Nasci em 1971 e, como toda a gente, gosto de encontrar sinais que provem haver-se tratado de um ano excepcional, para me sentir excepcional e ajudado no destino. Claro que ficcionamos o que queremos para mais bem compor a nossa realidade, e eu sou um ficcionista, rendo-me a qualquer mistificação que me ofereça felicidade. Dito isto, o ano de 1971 foi mesmo importante e lindo. Não sou eu quem o precisa de dizer, basta que cite o Luís de Freitas Branco, que acaba de publicar o livro “A revolução antes da revolução” onde explica como a música portuguesa prepara o clima perfeito para uma mudança final de consciências.
Sabemos bem que a nossa Ditadura foi caindo por caducidade íntima, uma espécie de bolor que atacou até os fascistas, cada vez menos capazes de justificar o horror que precisavam de defender. O futuro era todo avesso ao regime, era fundamental seguir a via democrática, reconhecer os direitos fundamentais, evoluir no combate ao racismo, acabar de vez com a ocupação de territórios estrangeiros. Era imperial caminhar no sentido da paridade entre homens e mulheres. Faltava fazer tudo. O fascismo era de tal modo injusto que não havia mais como fazer sua defesa.
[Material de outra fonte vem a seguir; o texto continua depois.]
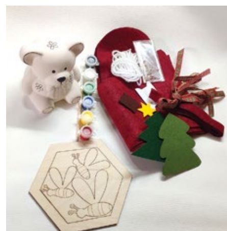
Darila dobrih mož

Želimo si, da bi bilo čim manj otrok in družin, ki si tega ne bi mogle privoščiti. A žal ni tako, zato se na tem mestu zahvaljujemo vsem, ki ste pomagali, da so se ob pogledu na sladke praznične dobrote, zasvetile tudi otroške oči v teh družinah.

No silêncio imposto pela censura, a música foi eventualmente a arma mais corrosiva. Criada tantas vezes no exílio, encontrando a bravura de alguns editores portugueses, como o brilhante Arnaldo Trindade, a música fertilizou os espíritos dos portugueses, revelando-se o discurso onde as fundamentais aspirações se debatiam através das metáforas mais inteligentes. Em 1971, a mestria de José Mário Branco, Sérgio Godinho e José Afonso, entre outros, mas sobretudo estes, deita à rua uma voz que não admite mais a obediência cega à Ditadura. Gravando e editando três dos discos mais adorados da música portuguesa, todos se colocam como resistência e disseminação da ideia democrática. A partir da melhor música de que Portugal foi capaz também se conseguiu a melhor vitória, a da Revolução que acaba com o regime opressor.
O livro de Luís de Freitas Branco é de um detalhe admirável. Para sanar qualquer dúvida acerca do clima musical ao tempo da Revolução, a sua pesquisa funciona como um transporte no tempo que nos deixa ver o ano de 1971 à lupa, para verificarmos como se cozinha uma mudança, como se juntaram compositores tão geniais que sentiram necessidade de fazer da canção uma arma. “A revolução antes da revolução” é imperdível. Pela música e pela democracia. Pela consciência. Pela defesa de um país que foi sonhado e conquistado a custo. Para que não se perca o que seria mais leviano perder: a liberdade.